_Information supplied:_
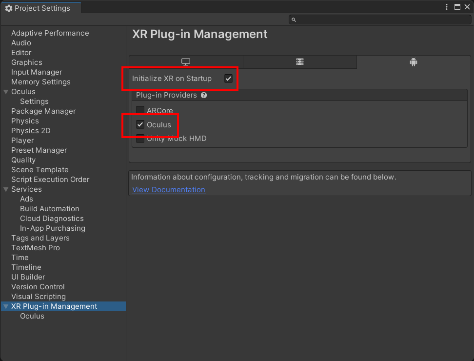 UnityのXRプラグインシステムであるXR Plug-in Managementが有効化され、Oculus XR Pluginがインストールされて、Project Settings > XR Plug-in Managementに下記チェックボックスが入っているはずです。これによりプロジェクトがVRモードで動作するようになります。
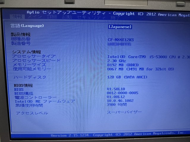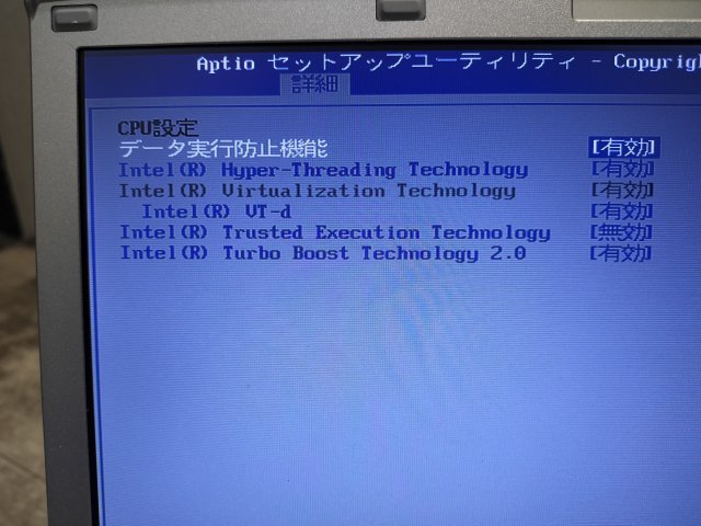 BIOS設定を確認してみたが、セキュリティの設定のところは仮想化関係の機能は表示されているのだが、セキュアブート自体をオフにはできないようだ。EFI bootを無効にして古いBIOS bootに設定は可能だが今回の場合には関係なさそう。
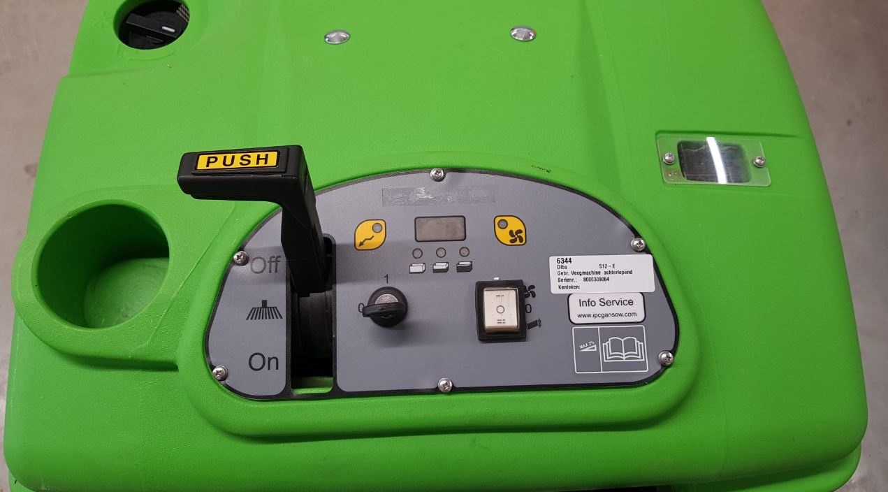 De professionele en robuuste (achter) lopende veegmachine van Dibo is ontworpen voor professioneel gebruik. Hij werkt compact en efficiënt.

_How to complete this task:_
Leave the pictures out and copy the rest of the data exactly.

_Reply:_
 UnityのXRプラグインシステムであるXR Plug-in Managementが有効化され、Oculus XR Pluginがインストールされて、Project Settings > XR Plug-in Managementに下記チェックボックスが入っているはずです。これによりプロジェクトがVRモードで動作するようになります。
 BIOS設定を確認してみたが、セキュリティの設定のところは仮想化関係の機能は表示されているのだが、セキュアブート自体をオフにはできないようだ。EFI bootを無効にして古いBIOS bootに設定は可能だが今回の場合には関係なさそう。
 De professionele en robuuste (achter) lopende veegmachine van Dibo is ontworpen voor professioneel gebruik. Hij werkt compact en efficiënt.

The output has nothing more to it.